> EXERCISE PROMPT:
Given the records underneath, please repeat exactly the lines from the line with "한편, '그린캠프페스티벌 2026'의" through the line with "(A,B) show an", passing over any picture.

Start of RECORD EXCERPTS

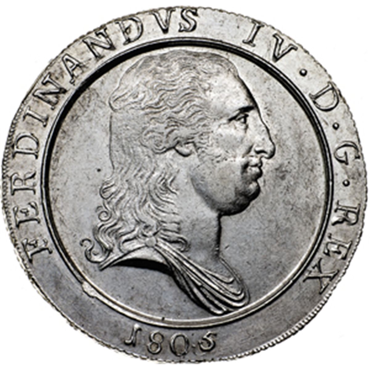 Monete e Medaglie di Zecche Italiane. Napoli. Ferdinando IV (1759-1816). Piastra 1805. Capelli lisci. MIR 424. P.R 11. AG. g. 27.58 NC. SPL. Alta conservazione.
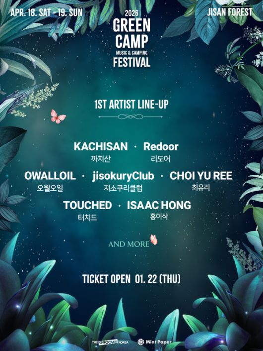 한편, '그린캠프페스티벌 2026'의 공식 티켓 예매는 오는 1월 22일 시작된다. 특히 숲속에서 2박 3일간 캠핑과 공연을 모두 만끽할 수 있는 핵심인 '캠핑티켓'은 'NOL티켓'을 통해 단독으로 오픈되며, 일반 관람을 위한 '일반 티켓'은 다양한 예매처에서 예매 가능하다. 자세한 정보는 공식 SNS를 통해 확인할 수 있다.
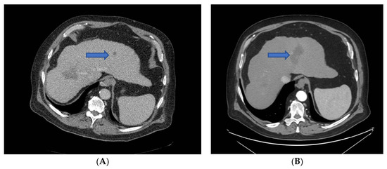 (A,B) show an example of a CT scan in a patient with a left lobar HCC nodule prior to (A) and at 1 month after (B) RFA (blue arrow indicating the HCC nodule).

End of RECORD EXCERPTS
Start of RECORD EXCERPTS

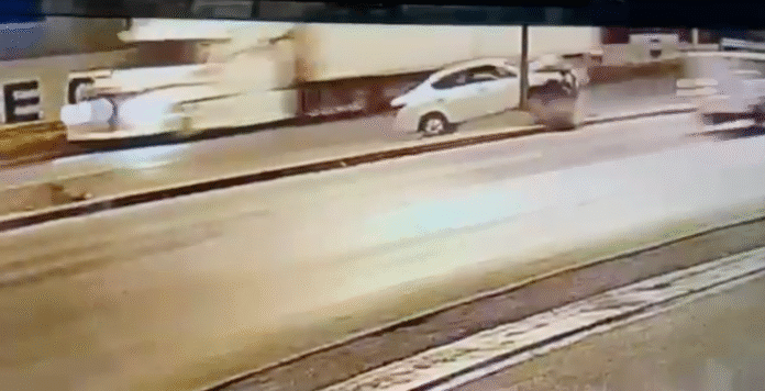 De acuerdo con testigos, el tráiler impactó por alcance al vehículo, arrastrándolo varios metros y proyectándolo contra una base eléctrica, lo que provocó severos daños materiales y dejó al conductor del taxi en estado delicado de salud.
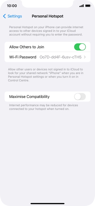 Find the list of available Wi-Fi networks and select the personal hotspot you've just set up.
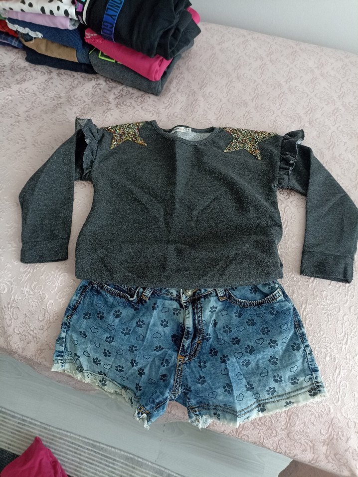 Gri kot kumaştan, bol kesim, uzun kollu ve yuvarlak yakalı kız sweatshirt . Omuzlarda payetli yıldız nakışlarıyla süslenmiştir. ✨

End of RECORD EXCERPTS
Start of RECORD EXCERPTS

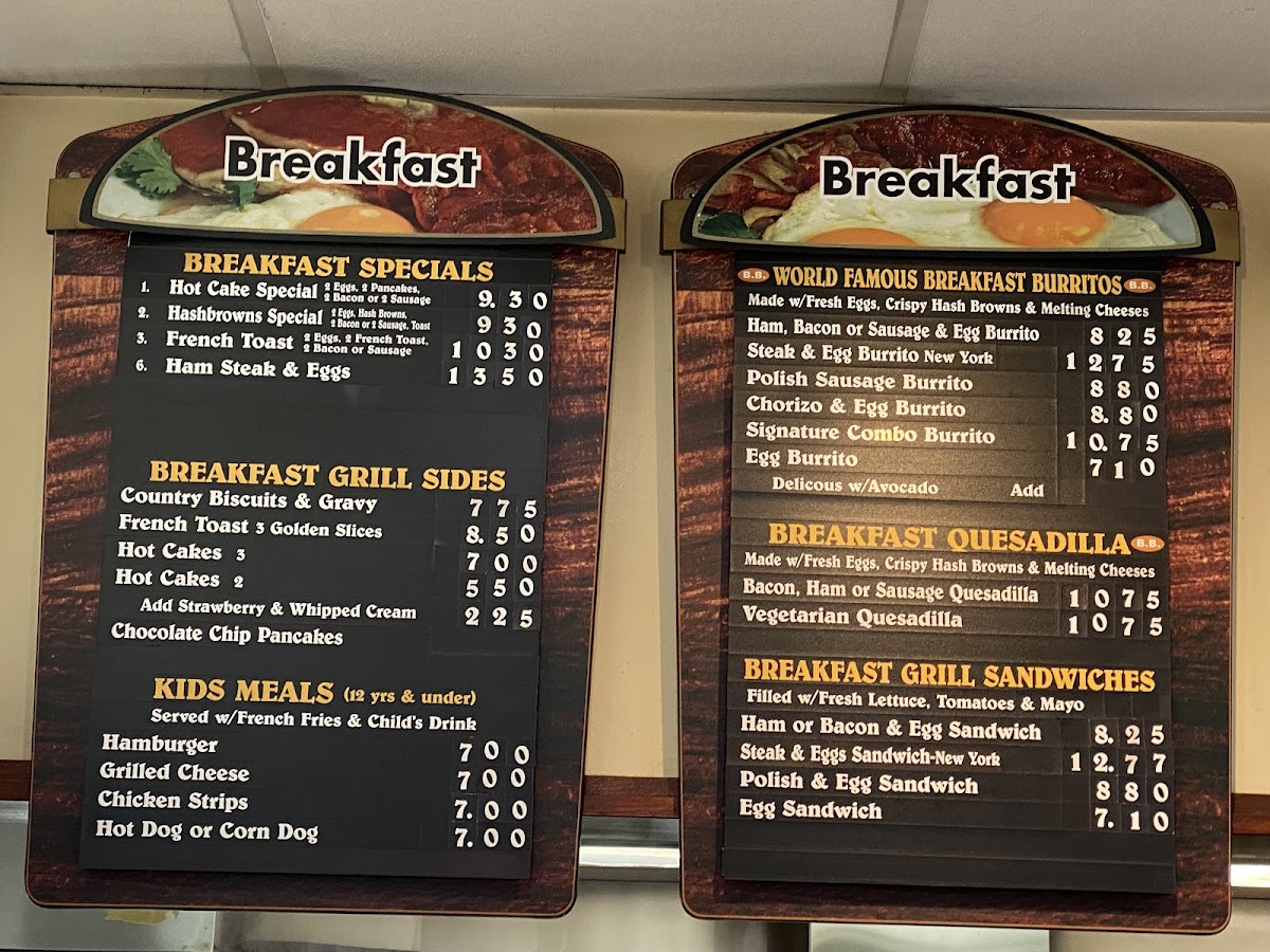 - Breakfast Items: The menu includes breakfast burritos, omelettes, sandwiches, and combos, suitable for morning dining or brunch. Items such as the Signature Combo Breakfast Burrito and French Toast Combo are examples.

End of RECORD EXCERPTS

> ANSWER TO THIS EXERCISE:
 한편, '그린캠프페스티벌 2026'의 공식 티켓 예매는 오는 1월 22일 시작된다. 특히 숲속에서 2박 3일간 캠핑과 공연을 모두 만끽할 수 있는 핵심인 '캠핑티켓'은 'NOL티켓'을 통해 단독으로 오픈되며, 일반 관람을 위한 '일반 티켓'은 다양한 예매처에서 예매 가능하다. 자세한 정보는 공식 SNS를 통해 확인할 수 있다.
 (A,B) show an example of a CT scan in a patient with a left lobar HCC nodule prior to (A) and at 1 month after (B) RFA (blue arrow indicating the HCC nodule).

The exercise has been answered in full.